One can use the average, but it is a very imprecise number. It will either move too much or too little in regard to outliers. It just does not show what most of the users will truly see. An average user will never post something negative on social media, but the last 15% of the response time range will. So the rating cares more about the negative impression than the positive. This sadly ignores the last 5% and that is where projects become expensive. It is really hard to convince all stakeholders to use the P95 instead of the average, trying to establish the P99 or higher is nearly impossible. 

The response times are grouped by activities because the user usually is more impatient at the beginning of its user journey. This data is based on years of measurements and ensures that goals are achievable but also ambitious enough. They all might heavily vary on your platform and stack. So these are not set in stone and these examples might only work for commerce.


The fastest response times are of no help if the response is incorrect. So correctness is key to performance testing. One might just say, every response code larger than 400 is a failure, but it is not that easy. Hence this factor distinguishes between two different types of errors: technical and functional errors. 

Examples of functional errors are, not fully set up products, products that cannot be bought together, or an empty search result. If a response was not received or the response code indicates a problem, it is considered a technical error. Or in other words: If the user is properly notified about the problem, it is mostly a functional issue. If the state or messaging is undefined, it is mostly technical in origin. 

A performance test has to ensure that technical errors are clearly highlighted because they might be caused by performance testing due to volume or scaling. Additionally, a performance test has to ensure functional correctness, because if the order cannot be placed and this is measured without validating the result, the test is just void.

To assign a grade to the error factor, this is verified:

  • How many percent of the visits have been affected by an error?
  • Do the errors occur in patterns or clusters?
  • Are there any main features affected such as checkout or sign in? 

Since barely any test run is error free when reaching a certain complexity, a low error rate might still be acceptable, even for an A rating. 

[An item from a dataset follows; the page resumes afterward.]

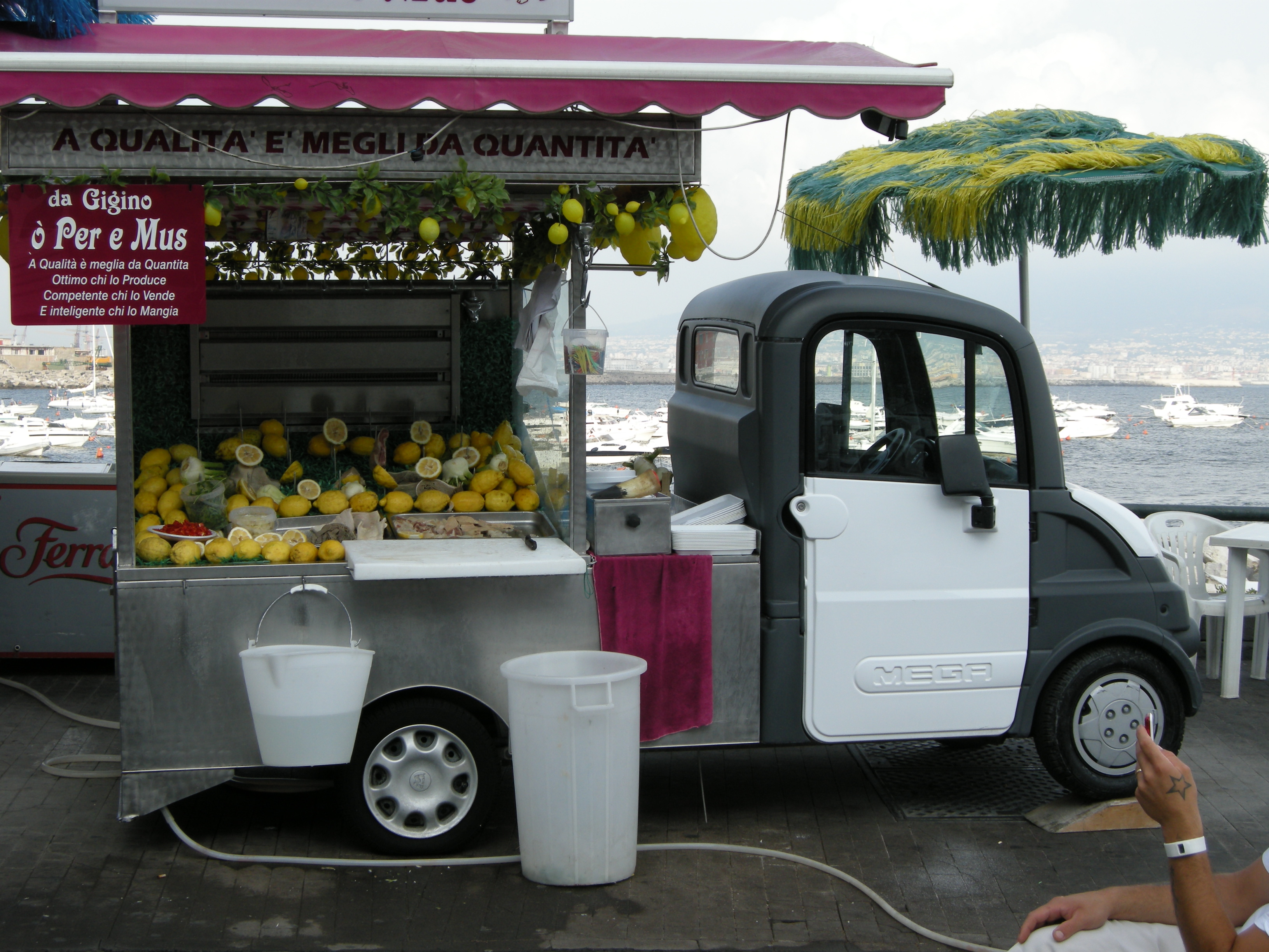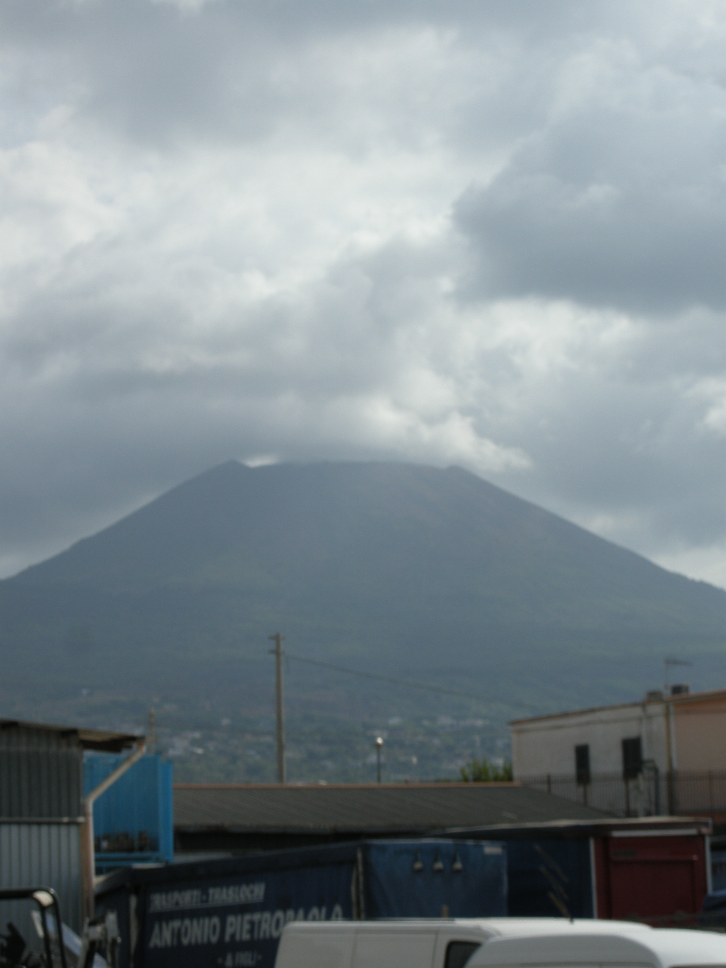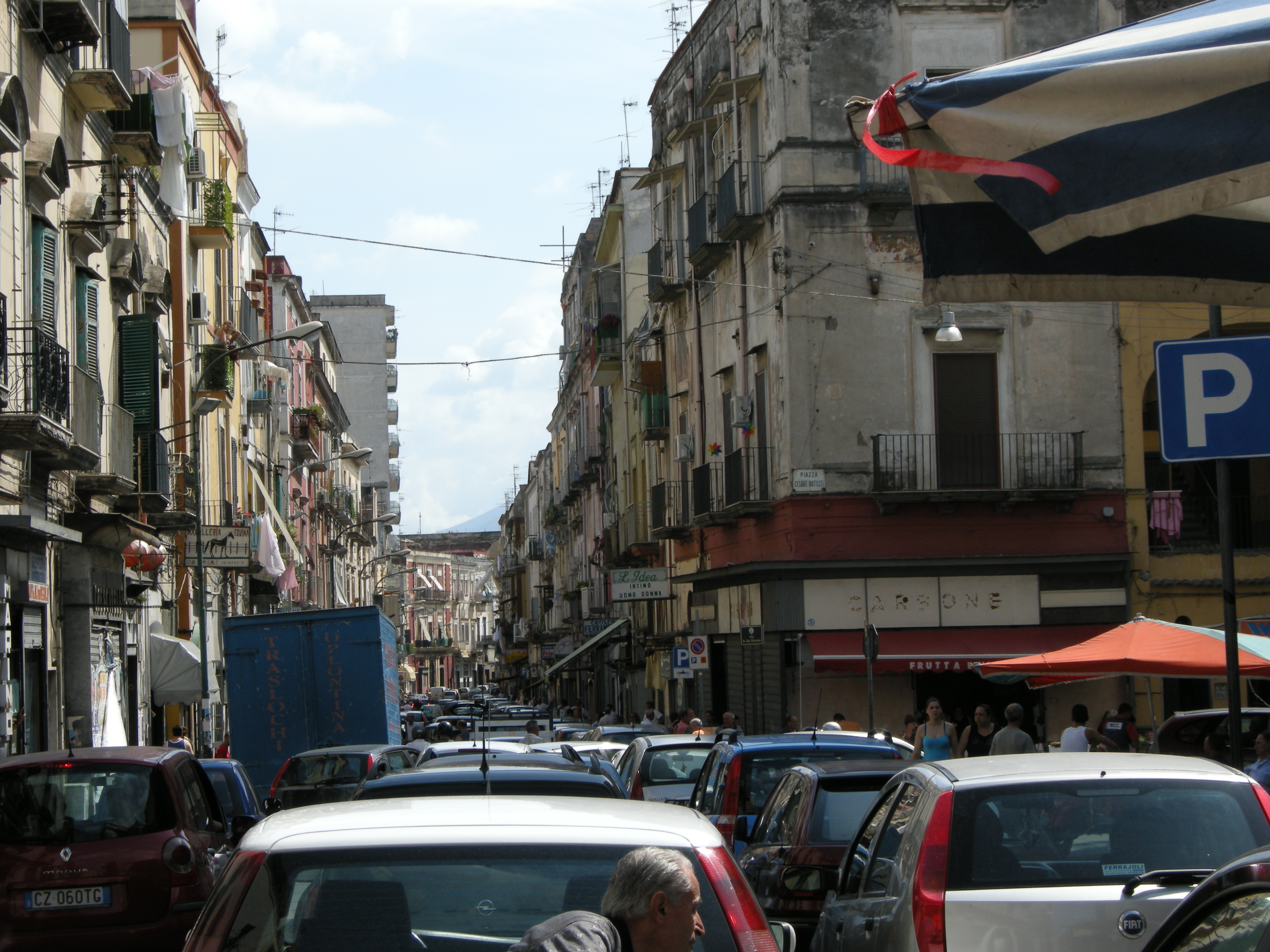 Vi fortsätter att följa SS7q mot Pozzuoli, Sofia Lorens hemstad och naturen blir vackrare och mer kuperad. Pozzuoli är en gammal stad med charm. Ute till havs ser vi ön Ischia. En vacker ö som tyvärr inte besöktes under den här resan. För att komma till Neapel från Pozzuoli finns två vägar att välja mellan. Den lätta vägen är mycket trafikerad och går genom flera tunnlar och den andra går över berget. Vi tog vägen över berget. Varmt, brant och svettigt men mycket vackert. Tänk att komma upp till byn Bacoli och få en underbar utsikt över Neapelbukten. Det är värt allt slit. Nu fick vi dessutom nedförsbacke ner mot Neapel. Tyvärr gick det inte att stå på eftersom det var gamla kullerstensgator och det vibrerade ordentligt. Det kändes i underarmarna när vi var nere i Neapels trafikkaos.

The disadvantage of this approach is that errors become an accepted fact.


In a perfect world, response times would be the same all day long. But that is impossible to achieve in a complex IT landscape, hence it is essential to minimize the noise. That is what this rating tries to capture. It introduces a predictability grade. Because the evaluation of noise is a complex process, Xceptance decided to retract to a metric anyone can grasp.

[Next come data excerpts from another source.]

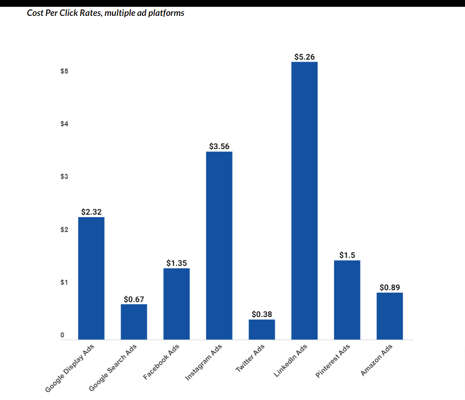 È insondabile che la terza piattaforma più popolare del pianeta abbia alcuni dei CPC medi più bassi tra gli altri posizionamenti PPC, con una media di circa $ 1,35: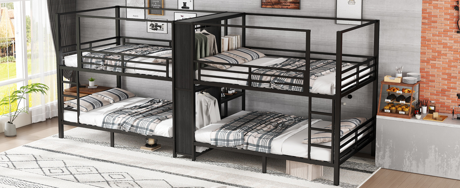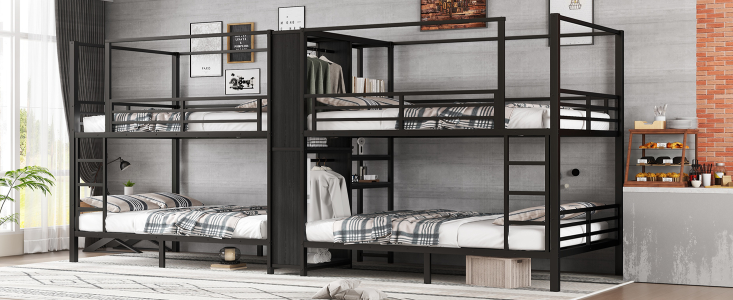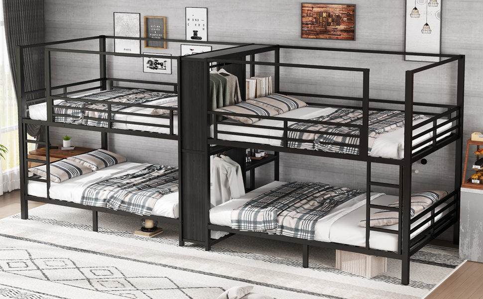 - [Space-Saving Quad Design]: This bunk bed provides four separate sleeping areas at the same time, and through the efficiency of vertical space, it is able to save the use of the floor area, whether it is a family with many children, a vacation home, or temporary entertaining guests, this bed is a great choice!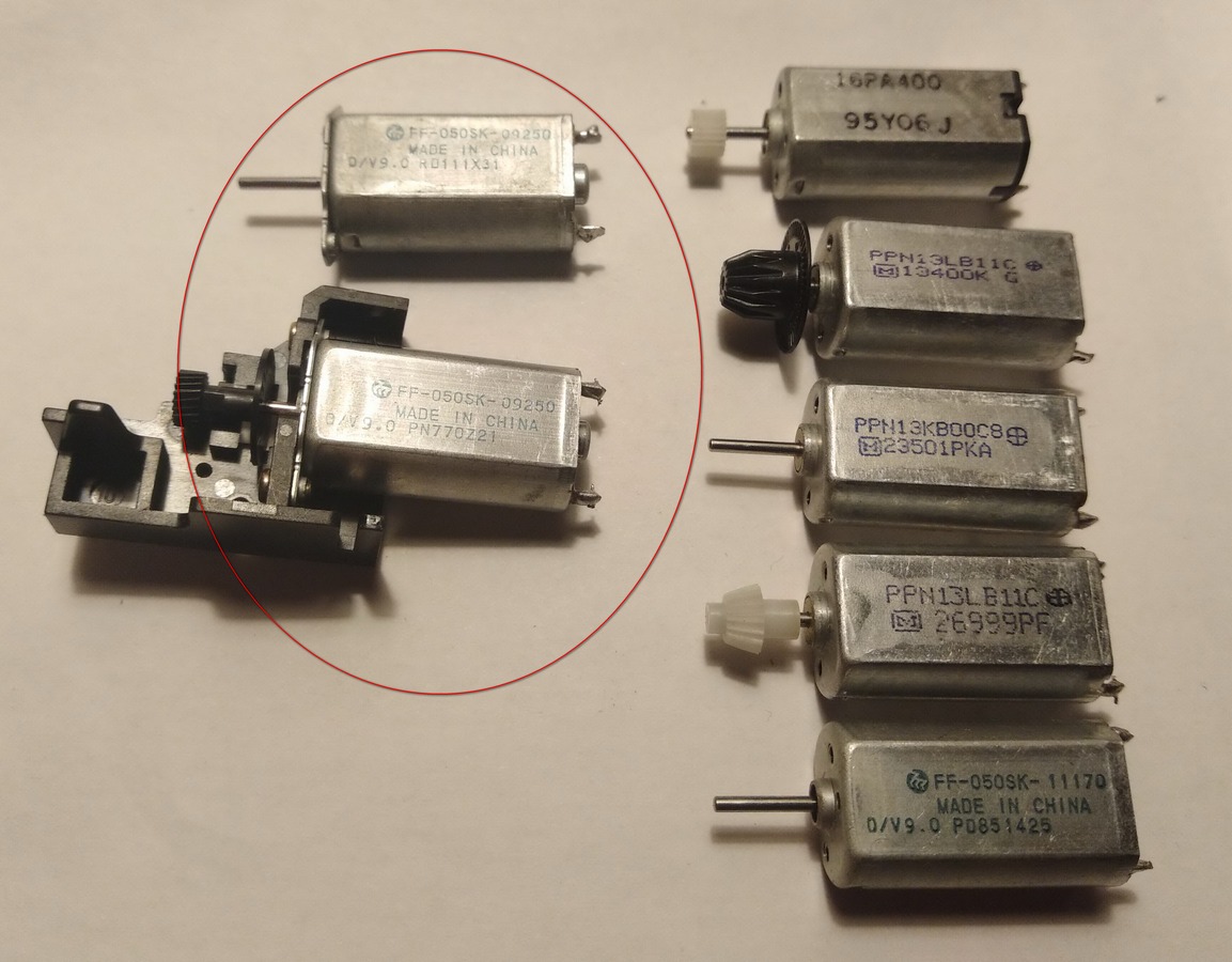 Изначально планировал установку упомянутого FF-050SK-09250, но единственный, имевшийся в наличии, оказался из числа давно отбракованных и просто не был своевременно выброшен. Далее последовала разборка пяти DVD приводов и только в пятом обнаружился похожий двигатель. Но похож он только типоразмером...

Predictability is defined by the business impact on the end user. It uses response times exceeding a certain value and the occurrence of technical errors (mainly non-recoverable errors such as response codes 500 or no response at all). This should give the merchant an idea of how many visits might have been affected by problems or slowness. Furthermore, being affected means that a visit carries the risk of a loss in revenue or reputation.

The threshold of 10 seconds is based on the user perception model published in the Google RAIL Model. This model applies to the total page loading time. The factor predictability uses the 10-second threshold for the runtime of a request. This makes it even softer than the value Google suggests, because the additional loading time of images, CSS, JavaScript is ignored.

Apart from the affected visits, this factor also considers response time patterns, increasing response time over time, and any sudden runtime changes.

To determine the grade these two questions are asked:

  • How many visits are affected (see formula above)?
  • Are there any patterns in response times such as increases, waves, or repeating spikes?


This rating system provides comparable and understandable results and caters to the needs of many stakeholders. Xceptance rolled it out to almost all load and performance tests and it proves to be effective and reliable. Some customers even arrive now with a goal of a certain rating to improve on the previous year’s results.

Xceptance has put that performance rating guide under the Creative Commons license – CC BY-SA 4.0. Feel free to use it for your everyday work, improve on it, and please let us know any feedback. We certainly appreciate it.

You can also use this slidedeck for communication and documentation purposes –

Java Training Sessions

Today we are going to publish four of our Java training sessions so you can use the material and benefit from it.

Let’s get started with four direct links to extensive material that might help you to understand Java or code quality better or just help you to reflect on topics you already know.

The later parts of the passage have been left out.